Characterisation of mycobacteria isolated from slaughter cattle in pastoral regions of Uganda

Background

Bovine tuberculosis is a zoonotic problem in pastoral cattle and communities in Uganda. Tuberculin tests in pastoral cattle had shown a high herd but low animal prevalence, with a high proportion of avian reactors. No work had been done to identify the mycobacterial species involved. The objective of the study was to isolate and characterise Mycobacterial species causing tuberculous lesions in slaughtered animals. Lesioned organs compatible with bovine tuberculosis in slaughtered cattle from pastoral areas in Uganda were collected and cultured to isolate mycobacteria. AccuProbe culture identification kits for the Mycobacterium tuberculosis complex, M. avium complex and M. avium were used to identify the isolates. Spoligotyping and Insertion Sequence (IS) 1311 and IS1245 Restriction Fragment Length Polymorphism analysis (RFLP) were used to further characterise the isolates.

Results

Of the 61 lesioned organs and tissues cultured, 19 isolates were identified as M. bovis, 3 as M. avium subsp.hominissuis, 1 as M. intracellulare, 1 as a mixed culture of M. bovis and M. avium sp. and 1 as M. avium sp. and unidentified mycobacteria. Eleven other mycobacteria outside the tuberculosis and avium complex groups were also isolated. Ten new spoligopatterns grouped into three clusters were identified from M. bovis isolates. Two of the three M. avium subsp.hominissuis isolates showed similar patterns on the IS1311 RFLP but all were different on the IS1245 RFLP.

Conclusion

The isolation of M. bovis confirms the ongoing infection with spoligotypes unique to Uganda. Isolation of environmental mycobacteria could explain the high avian or non specific tuberculin reactor patterns commonly observed in pastoral cattle and suggests their pathogenic or opportunistic role in the infection of cattle with disseminated bovine tuberculous lesions.

Mycobacterium bovis infections are of major importance in many developed and developing countries, including Uganda [1]. In countries with national bovine tuberculosis eradication programmes, clinical evidence of tuberculosis in cattle is seldom encountered because the intradermal tuberculin test enables presumptive diagnosis and elimination of infected animals before signs appear [2]. Studies have shown that in the final phases of eradication, strains of Mycobacterium sp. outside the tuberculosis (MOT) complex may increase the relative frequency and cause false positive skin test reactions [3]. In countries without any control programme, including Uganda, clinical symptoms and post mortem lesions associated with bovine tuberculosis (BTB) may still be seen [4].

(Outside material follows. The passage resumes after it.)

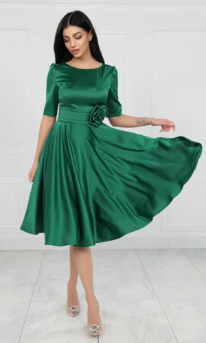 Rochie verde satinata cu floare 3D in talie

Post mortem examination followed by bacteriological examination of suspected lesions in cattle are important tools to confirm the presence[5], while molecular studies help to characterise mycobacterial species involved [6, 7]. Histo-pathological examination may increase the specificity of the diagnosis and in circumstances where the prevalence of bovine tuberculosis is high, pathology can be relied on for diagnosis [5]. However, lesions due to an infection with other mycobacteria can be mistaken for bovine tuberculosis. When the prevalence is low, as in the latter stages of an eradication campaign or under extensive management systems, the need for definitive diagnosis becomes more important and routine culturing of all suspected lesions is recommended.

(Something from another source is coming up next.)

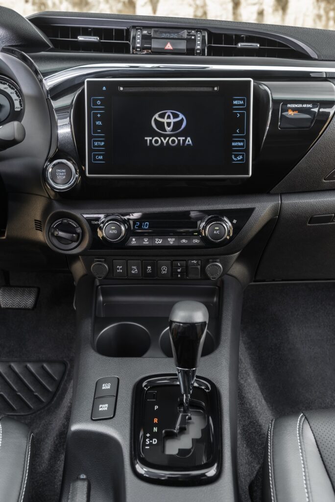 Pontuação: 8/10 Embora geneticamente um carro de trabalho, a Toyota Hilux, versão Tracker Premium Edition, apresenta-se naquela que é a configuração mais versátil, ou seja, de cabine dupla e quatro portas. Sendo que, embora esteja igualmente disponível com apenas três lugares, é nesta variante mais… “familiar”, com cinco verdadeiros lugares, bastante espaço para pernas, mas também um acesso alto – benditos estribos e pegas nos pilares! – e menos altura nos lugares traseiros – culpa da configuração tipo anfiteatro -, que mais qualidades apresenta. Isto porque, mesmo não renegando as suas origens de “Pura & Dura”, a Hilux acaba exibindo, nesta versão topo de gama, um cuidado especial e merecedor de elogios, desde logo, com os revestimentos. E traduzido, por exemplo, em cromados e plásticos negros brilhantes, no painel de instrumentos, no volante, em torno da alavanca da caixa de velocidade e nas portas. Igualmente a acentuar a exclusividade, o fundo branco do painel de instrumentos, onde também aparece um ecrã TFT com animação especifica sempre que se liga a ignição, e a própria chave, com um esboço do design frontal do modelo. Pormenores a que, contudo, também é preciso juntar um certo excesso de botões, principalmente no volante – de dimensões generosas mas também com óptima pega e multiregulável -, além da fraca capacidade da generalidade dos espaços de arrumação – a excepção são os dois porta-luvas -, maioritariamente abertos. Quanto à posição de condução, mostra-se alta e a apostar na visibilidade, tudo isto a partir de um banco em couro, confortável, mas sem muito apoio lateral, embora sem permitir que, especialmente nas manobras de marcha-atrás, não se valorize e agradeça a presença da câmara traseira. Cujas imagens captadas são exibidas no atraente ecrã de 7″ do sistema de multimédia Toyota Touch 2, incrustado no centro de uma consola da qual fazem igualmente parte os comandos do ar condicionado automático… e os botões que permitem engrenar o autoblocante no eixo traseiro, o sistema de apoio a descidas íngremes e o ESP. Bagageira? Há… transformada numa enorme caixa de carga, revestida, com mais de metro e meio de comprimento e metro e meio de largura. Além da capacidade para transportar até 805 kg de peso!

The combination of conventional methods and molecular typing of isolates have yielded important insights into the epidemiology of tuberculosis in domestic [8–10] and wildlife populations [11–13]. It has permitted a more precise targeting and monitoring efficacy of conventional control measures [10, 14, 15]. It has also provided more precise information on the rate of transmission [12, 16], stability of the genetic profiles and has been used in epidemiological tracing [9]. A possible relationship exists between the genotype and phenotype of M. bovis and the disease pattern [17]. Different genotypes may differ in pathogenicity and thereby affect the development of lesions and how the animals react to the tuberculin test. This suggests a linkage between immunogenicity with respect to the skin test and possibly transmissibility[17], which traditional approaches to tuberculosis diagnosis could not adequately explain.

Different molecular tools have been developed to differentiate between mycobacterial isolates. Notable are spoligotyping and Restriction Fragment Length Polymorphism (RFLP) based molecular techniques[6]. Spoligotyping is designed to detect the presence or absence of unique spacers within the direct repeat (DR) locus of the M. bovis genome. It is known to distinguish between phenotypically different strains and has been successfully used to type M. bovis isolates from different African countries such as Nigeria[18], Chad [19], Cameroon [20], Madagascar [7] and Tanzania [8]. Spoligotyping has been performed on M. bovis isolates obtained from different animals to show the interaction between species. Some spoligotypes have been associated with more sensitivity and specificity to tuberculin, virulence and transmissibility[17].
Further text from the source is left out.